DISCURSO DEL PAPA BENEDICTO XVI
A LAS DELEGACIONES DE LAS DIVERSAS IGLESIAS
Y DE OTRAS RELIGIONES NO CRISTIANAS
Lunes 25 de abril de 2005
Con alegría os acojo, queridos delegados de las Iglesias ortodoxas, de las Iglesias ortodoxas orientales y de las comunidades eclesiales de Occidente, pocos días después de mi elección. Fue particularmente grata vuestra presencia ayer en la plaza de San Pedro, después de haber vivido juntos los tristes momentos de la muerte del querido Papa Juan Pablo II. El tributo de simpatía y afecto que expresasteis a mi inolvidable predecesor no fue un simple acto de cortesía eclesial. Mucho camino se ha recorrido durante los años de su pontificado, y vuestra participación en el luto de la Iglesia católica por su muerte ha mostrado cuán verdadero y grande es el anhelo común de unidad.
Al saludaros, quisiera dar gracias al Señor que nos ha bendecido con su misericordia y ha infundido en nosotros una sincera disposición a hacer nuestra su oración: ut unum sint. Así, él nos ha hecho cada vez más conscientes de la importancia de caminar hacia la comunión plena. Con amistad fraterna podemos intercambiarnos los dones recibidos del Espíritu y nos sentimos impulsados a estimularnos recíprocamente para anunciar a Cristo y su mensaje al mundo, que hoy a menudo se encuentra turbado e inquieto, inconsciente e indiferente.

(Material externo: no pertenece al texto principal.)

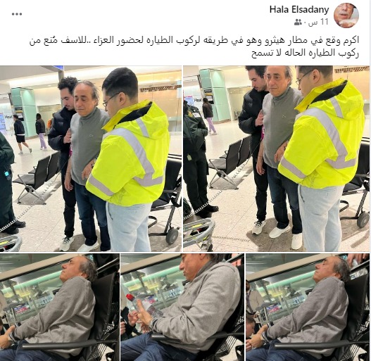 وشاركت هالة السعدني متابعيها بعدة صور لـ شقيقها أكرم السعدني، وذلك عبر حسابها الشخصي بموقع التواصل الاجتماعي فيس بوك، وعلقت عليها: أكرم وقع في مطار هيثرو وهو في طريقه لركوب الطيارة لحضور العزاء.. للأسف مُنع من ركوب الطيارة الحالة لا تسمح.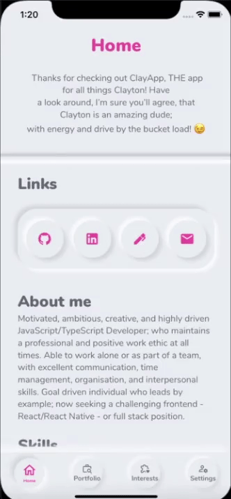 Personal portfolio app utilising commonly used frontend mobile technologies, e.g. React Navigation, RTK, & GraphQl.

Este encuentro es particularmente significativo. Ante todo, al nuevo Obispo de Roma, Pastor de la Iglesia católica, le permite repetir a todos, con sencillez: Duc in altum! Sigamos adelante con esperanza. Como mis predecesores, especialmente Pablo VI y Juan Pablo II, siento fuertemente la necesidad de reafirmar el compromiso irreversible, asumido por el concilio Vaticano II y proseguido durante los últimos años también gracias a la acción del Consejo pontificio para la promoción de la unidad de los cristianos. El camino hacia la comunión plena querida por Jesús para sus discípulos implica una docilidad concreta a lo que el Espíritu dice a las Iglesias, valentía, dulzura, firmeza y esperanza de lograr ese objetivo. Implica, ante todo, la oración insistente y tener un mismo corazón, para obtener del buen Pastor el don de la unidad para su rebaño.

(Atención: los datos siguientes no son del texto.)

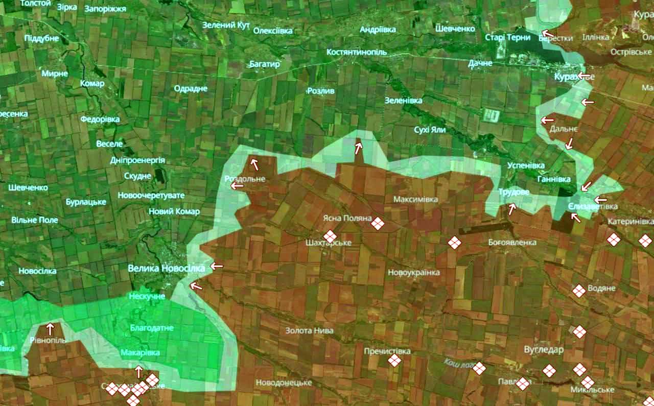 - Deep State: Vaenlane okupeeris Novoselidivka ja Petrivka ning tungis edasi ka Novomlynski, Žovto, Pustinka, Puškino, Rozdolnõi, Rozlõvi, Vesely Gay, Rivnopoli, Sontsivka, Krugliakivka, Berestki ja Kurakhovo lähedal.

¿Cómo no reconocer, con espíritu de gratitud a Dios, que este encuentro tiene también el significado de un don ya otorgado? En efecto, Cristo, Príncipe de la paz, ha actuado en medio de nosotros, ha sembrado a manos llenas sentimientos de amistad, ha atenuado las discordias, nos ha enseñado a vivir con una mayor actitud de diálogo, en armonía con los compromisos propios de quienes llevan su nombre. Vuestra presencia, queridos hermanos en Cristo, más allá de lo que nos divide y ensombrece nuestra comunión plena y visible, es un signo de comunión y de apoyo para el Obispo de Roma, que puede contar con vosotros para proseguir el camino en la esperanza y para crecer en Cristo, nuestra Cabeza.

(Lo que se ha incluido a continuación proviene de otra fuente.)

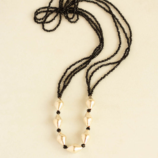 Pure Silver Dholki Beads Single Line Necklace

En esta ocasión tan singular, en la que nos encontramos reunidos precisamente al inicio de mi servicio eclesial, acogido con temor y obediencia confiada al Señor, os pido a todos que deis, juntamente conmigo, un ejemplo del ecumenismo espiritual que en la oración realiza sin obstáculos nuestra comunión.
A todos vosotros encomiendo estas intenciones y estas reflexiones, con mi saludo más cordial, para que los transmitáis a vuestras Iglesias y comunidades eclesiales.
Me dirijo ahora a vosotros, queridos amigos de las diversas tradiciones religiosas, y os agradezco sinceramente vuestra presencia en la solemne inauguración de mi pontificado. Os dirijo un saludo cordial y afectuoso a vosotros y a todos los seguidores de las religiones que representáis. Agradezco en particular la presencia entre nosotros de los miembros de la comunidad musulmana, y expreso mi aprecio por el progreso del diálogo entre musulmanes y cristianos, tanto a nivel local como internacional. Os aseguro que la Iglesia quiere seguir construyendo puentes de amistad con los seguidores de todas las religiones, para buscar el verdadero bien de cada persona y de la sociedad entera.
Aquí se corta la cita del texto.